Together, these findings underscore the multifaceted role of inflammatory and platelet-derived mediators in the progression of SAH-related complications4,13,19. PF4 emerges as a robust prognostic biomarker of CVS and impaired cerebral perfusion, suggesting that it could serve as a valuable biomarker for early risk stratification. Concurrently, the association between SDF levels and the timing of death in non-survivors points to a complex interplay between its protective20,21,22,23,24 and deleterious30 responses following SAH. This dual role of SDF20,21,22,23,24,30 may provide insights into the mechanisms that delay, but do not ultimately prevent, the cascade leading to death. Future studies should focus on validating these findings in larger, multicentric cohorts and further elucidating the molecular pathways involved, with the goal of developing targeted interventions that can modulate these biomarkers to improve clinical outcomes.

Limitations

Despite these promising results, our study has several limitations. The observational design, single-centre study, and the relatively small sample size may limit the generalizability of the findings. Additionally, the use of a single time point for biomarker measurement within 24 h of admission may not capture temporal biomarker dynamics. Moreover, while the associations identified here are statistically significant, the underlying biological mechanisms remain to be fully elucidated.

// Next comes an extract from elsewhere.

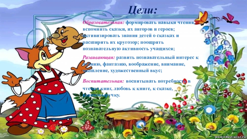 Цели: Образовательная: формировать навыки чтения, вспомнить сказки, их авторов и героев; активизировать знания детей о сказках и расширить их кругозор;

Future studies with larger cohorts and mechanistic investigations are warranted to validate these biomarkers and to explore potential therapeutic interventions aimed at modulating PF4 and SDF pathways.

Conclusion

Our findings contribute to the growing body of evidence that implicates inflammatory and platelet activation pathways in the pathogenesis of CVS and poor outcomes following SAH. By identifying PF4 and SDF as potential prognostic biomarkers, this study lays the groundwork for future research aimed at improving risk stratification and tailoring therapeutic strategies to mitigate the devastating consequences of SAH.